# Given material
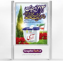 پوستر دوازدهم فروردین با تصویر صندوق رای و خوشنویسی تبریک این روز
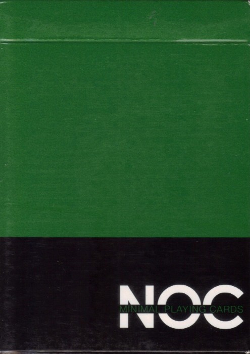The V1 are regular decks with a thick black bottom border and the words "minimal playing cards" located in the NOC are written in the colour of the deck. They come in red, yellow, green, blue, and purple.
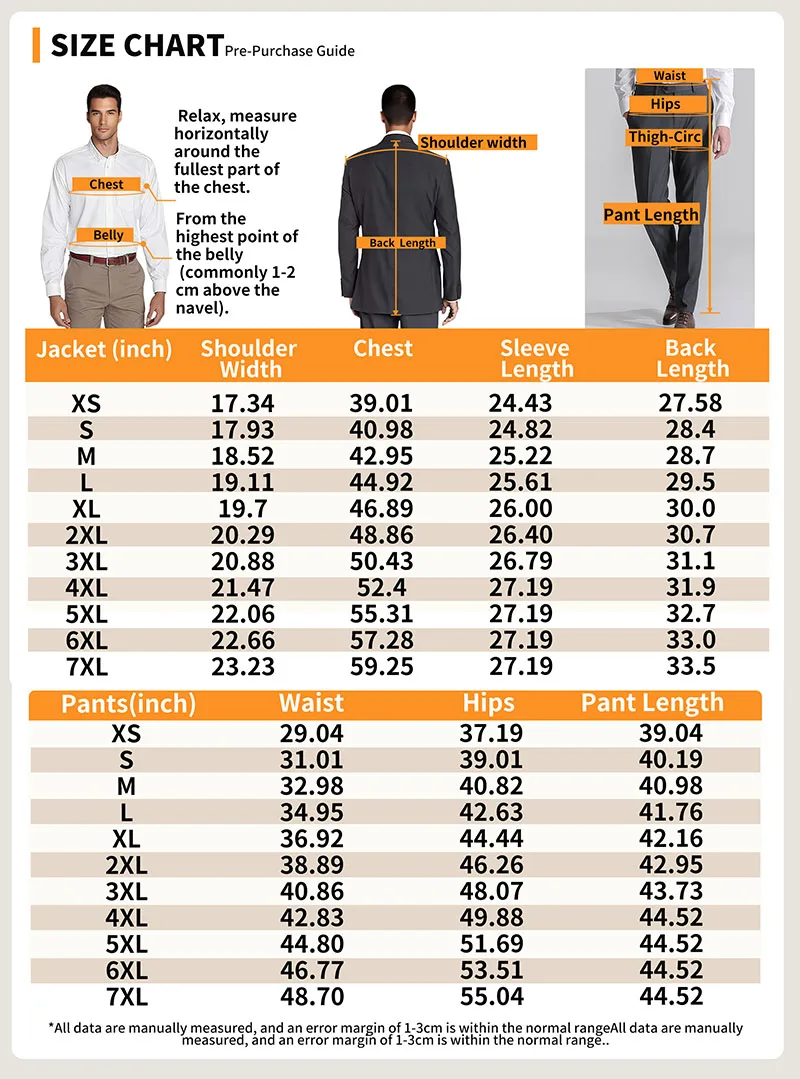 •Due to everyone’s different dressing styles and preferences, it is recommended to personally measure your own body size and refer to the size chart
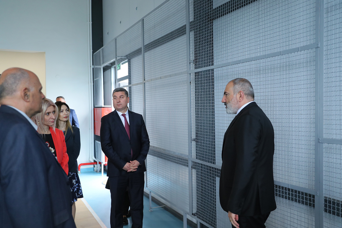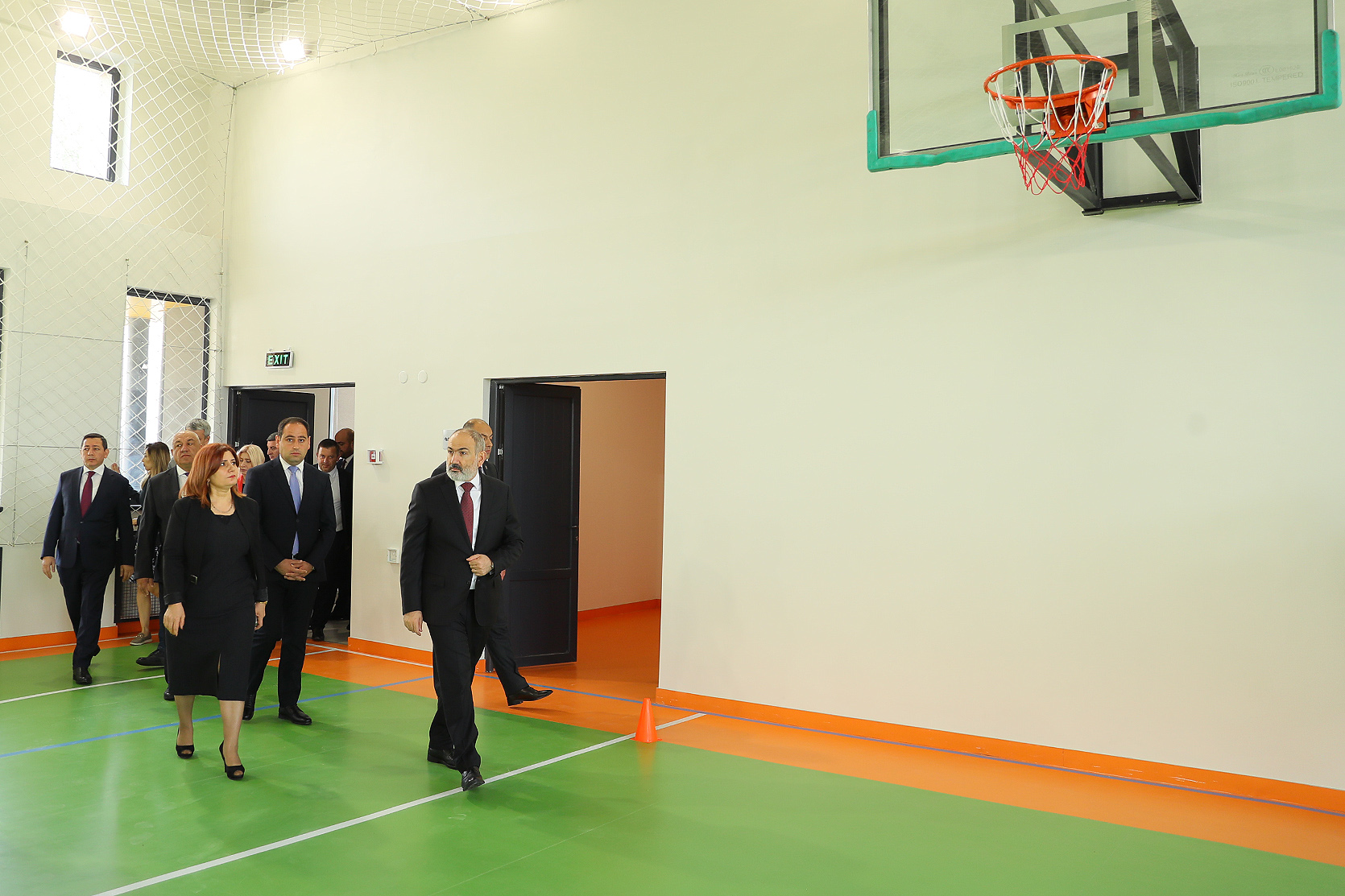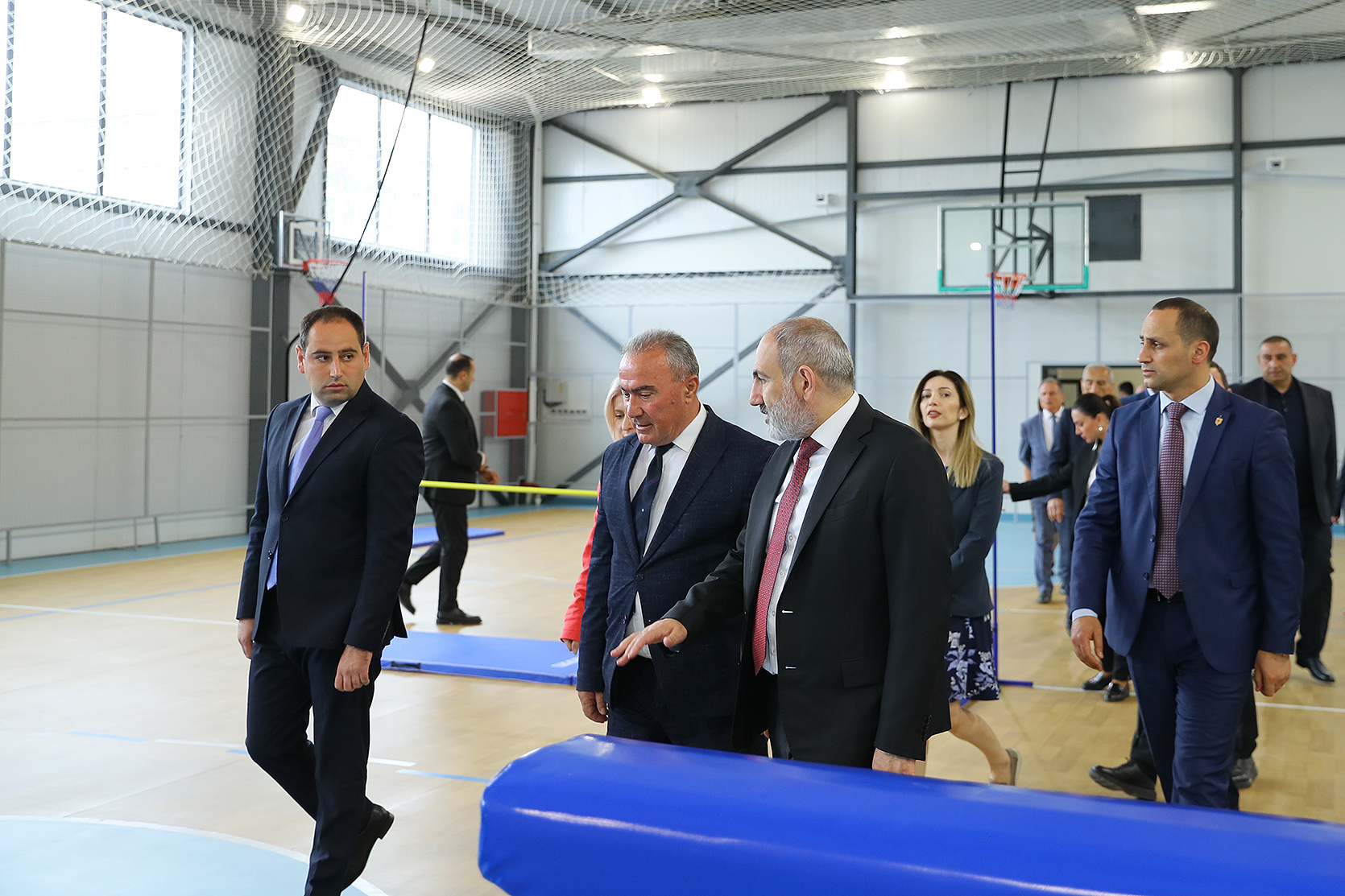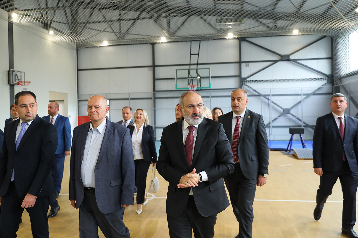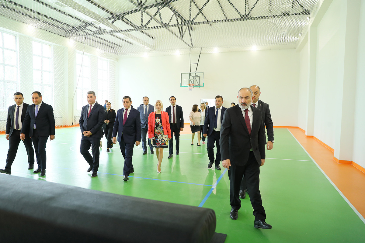 The first stop of the Prime Minister was at the primary school No. 7 named after "Yervand Otyan" in Etchmiadzin, where a new gymnasium and a ceremony hall were built. The total cost of the project launched on April 27, 2022 is 296.4 million AMD.

# Work instructions
Restate the listing word for word, pictures excluded.

# Written solution
 پوستر دوازدهم فروردین با تصویر صندوق رای و خوشنویسی تبریک این روز
The V1 are regular decks with a thick black bottom border and the words "minimal playing cards" located in the NOC are written in the colour of the deck. They come in red, yellow, green, blue, and purple.
 •Due to everyone’s different dressing styles and preferences, it is recommended to personally measure your own body size and refer to the size chart
 The first stop of the Prime Minister was at the primary school No. 7 named after "Yervand Otyan" in Etchmiadzin, where a new gymnasium and a ceremony hall were built. The total cost of the project launched on April 27, 2022 is 296.4 million AMD.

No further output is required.